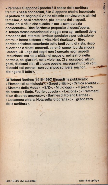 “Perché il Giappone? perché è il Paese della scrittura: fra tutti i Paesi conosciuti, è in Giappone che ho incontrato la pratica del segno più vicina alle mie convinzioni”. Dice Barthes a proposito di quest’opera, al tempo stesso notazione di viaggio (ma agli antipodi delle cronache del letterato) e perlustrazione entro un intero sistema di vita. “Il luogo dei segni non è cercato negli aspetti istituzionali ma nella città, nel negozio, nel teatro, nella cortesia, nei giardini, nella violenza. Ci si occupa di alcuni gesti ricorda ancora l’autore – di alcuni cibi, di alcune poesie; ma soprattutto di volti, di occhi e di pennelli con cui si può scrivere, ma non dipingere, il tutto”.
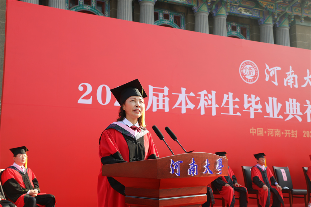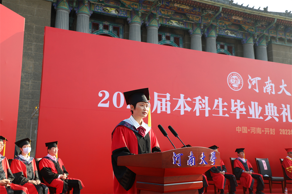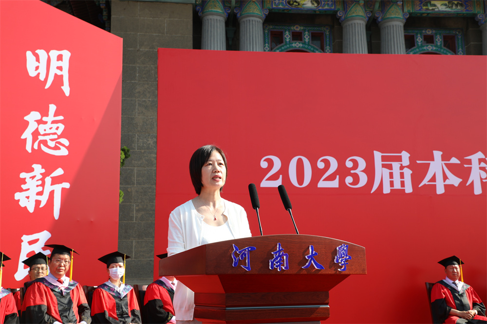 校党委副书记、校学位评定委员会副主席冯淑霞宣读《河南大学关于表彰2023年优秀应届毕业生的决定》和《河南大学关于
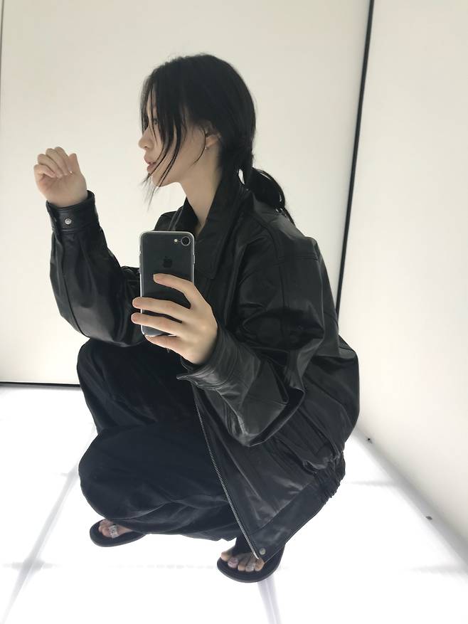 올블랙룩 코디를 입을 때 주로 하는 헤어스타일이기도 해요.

• • • • • • •

> Your assignment: This task asks for the data above repeated exactly, without a single picture.

> Written response:
 “Perché il Giappone? perché è il Paese della scrittura: fra tutti i Paesi conosciuti, è in Giappone che ho incontrato la pratica del segno più vicina alle mie convinzioni”. Dice Barthes a proposito di quest’opera, al tempo stesso notazione di viaggio (ma agli antipodi delle cronache del letterato) e perlustrazione entro un intero sistema di vita. “Il luogo dei segni non è cercato negli aspetti istituzionali ma nella città, nel negozio, nel teatro, nella cortesia, nei giardini, nella violenza. Ci si occupa di alcuni gesti ricorda ancora l’autore – di alcuni cibi, di alcune poesie; ma soprattutto di volti, di occhi e di pennelli con cui si può scrivere, ma non dipingere, il tutto”.
 校党委副书记、校学位评定委员会副主席冯淑霞宣读《河南大学关于表彰2023年优秀应届毕业生的决定》和《河南大学关于
 올블랙룩 코디를 입을 때 주로 하는 헤어스타일이기도 해요.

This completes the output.